• Exercise:
Print only the lines below from the one with "300€ | Voir |" to the one with "ゴルフウェア 2024年モデル CPG", both included, exactly as they stand. Leave pictures out.

• Data records:
= = = =

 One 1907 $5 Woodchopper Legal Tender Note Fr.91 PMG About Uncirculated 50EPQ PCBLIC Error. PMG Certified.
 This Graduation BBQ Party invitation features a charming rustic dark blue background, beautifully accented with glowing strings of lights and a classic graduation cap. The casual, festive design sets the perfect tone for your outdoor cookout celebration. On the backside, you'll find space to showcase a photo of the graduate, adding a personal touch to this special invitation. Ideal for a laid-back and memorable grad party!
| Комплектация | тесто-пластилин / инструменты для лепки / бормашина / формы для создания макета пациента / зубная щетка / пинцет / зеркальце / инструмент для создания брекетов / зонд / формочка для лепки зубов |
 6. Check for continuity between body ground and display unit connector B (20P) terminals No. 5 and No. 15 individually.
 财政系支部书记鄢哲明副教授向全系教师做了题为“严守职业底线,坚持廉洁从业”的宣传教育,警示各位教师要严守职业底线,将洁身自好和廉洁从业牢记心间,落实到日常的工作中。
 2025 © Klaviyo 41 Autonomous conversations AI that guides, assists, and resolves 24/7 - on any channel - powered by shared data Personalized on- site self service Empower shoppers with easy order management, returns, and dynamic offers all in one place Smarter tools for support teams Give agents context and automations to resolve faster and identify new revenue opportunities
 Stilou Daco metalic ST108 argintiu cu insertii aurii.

= = = =

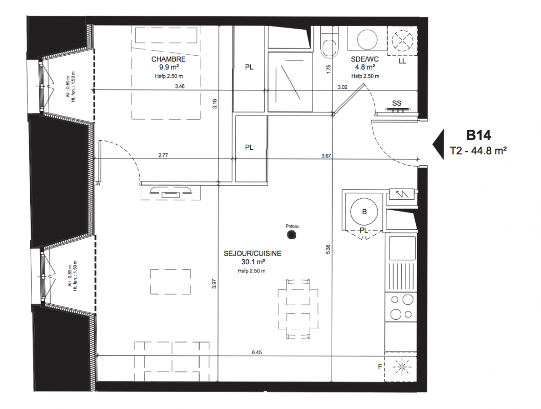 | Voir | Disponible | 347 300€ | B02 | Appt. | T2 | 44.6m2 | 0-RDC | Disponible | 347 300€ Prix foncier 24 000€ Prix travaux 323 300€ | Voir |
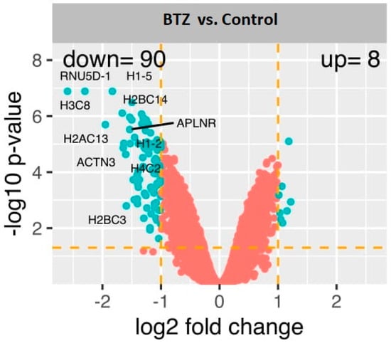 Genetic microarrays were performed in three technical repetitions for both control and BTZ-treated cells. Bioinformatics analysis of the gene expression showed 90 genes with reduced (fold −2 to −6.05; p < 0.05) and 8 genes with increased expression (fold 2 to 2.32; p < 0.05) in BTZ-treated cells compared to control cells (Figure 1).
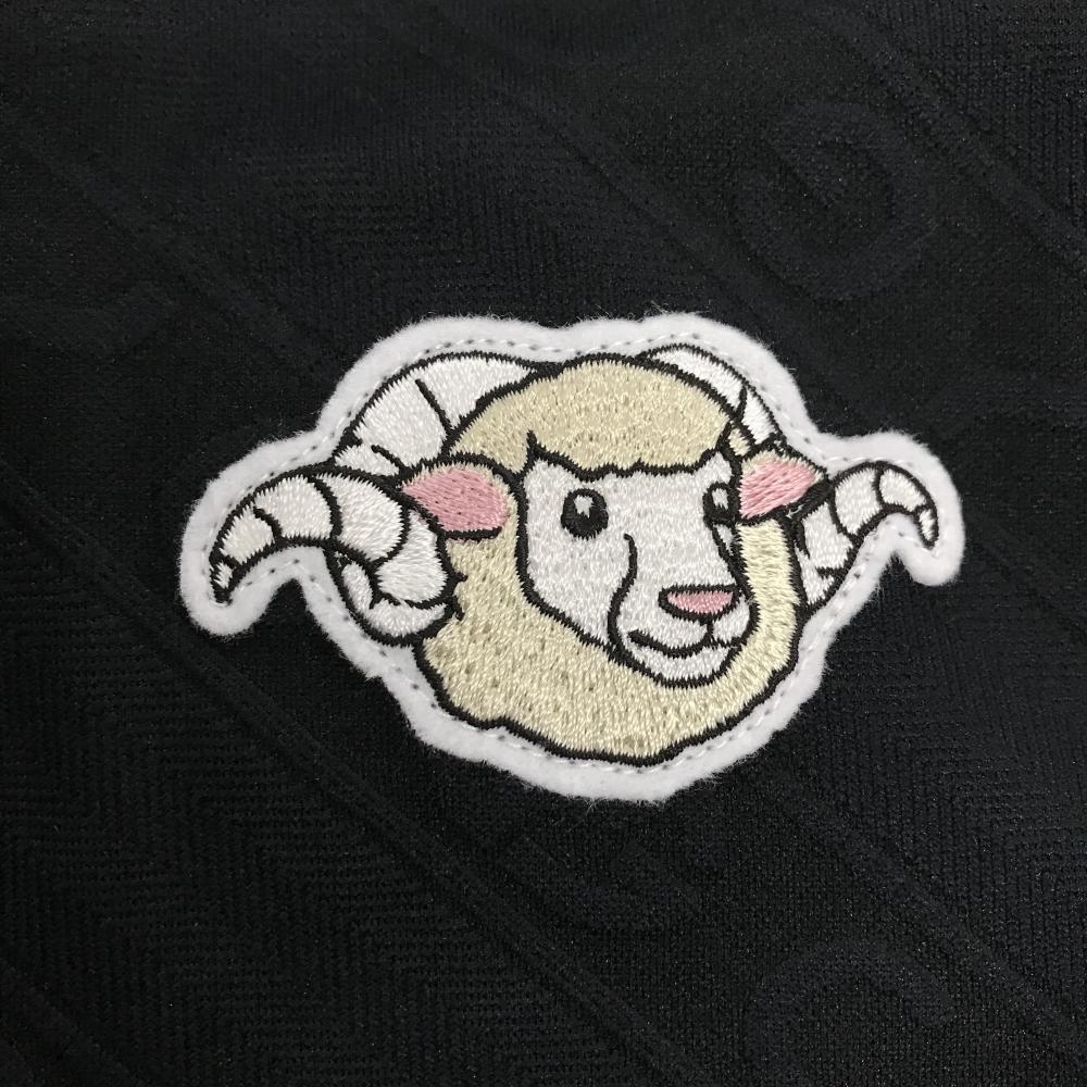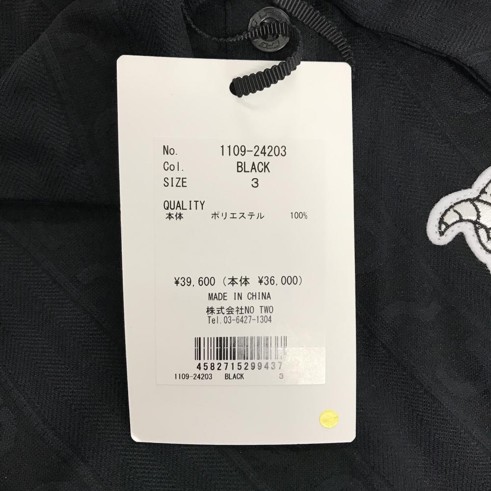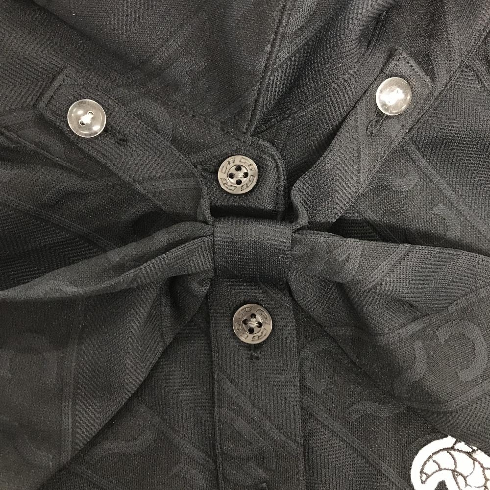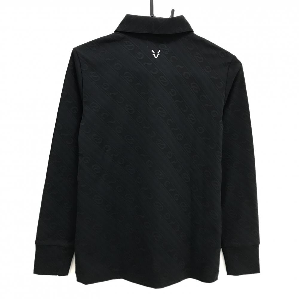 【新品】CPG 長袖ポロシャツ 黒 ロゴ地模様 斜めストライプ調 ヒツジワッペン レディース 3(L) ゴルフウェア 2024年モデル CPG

= = = =

• Answer to the exercise:
 | Voir | Disponible | 347 300€ | B02 | Appt. | T2 | 44.6m2 | 0-RDC | Disponible | 347 300€ Prix foncier 24 000€ Prix travaux 323 300€ | Voir |
 Genetic microarrays were performed in three technical repetitions for both control and BTZ-treated cells. Bioinformatics analysis of the gene expression showed 90 genes with reduced (fold −2 to −6.05; p < 0.05) and 8 genes with increased expression (fold 2 to 2.32; p < 0.05) in BTZ-treated cells compared to control cells (Figure 1).
 【新品】CPG 長袖ポロシャツ 黒 ロゴ地模様 斜めストライプ調 ヒツジワッペン レディース 3(L) ゴルフウェア 2024年モデル CPG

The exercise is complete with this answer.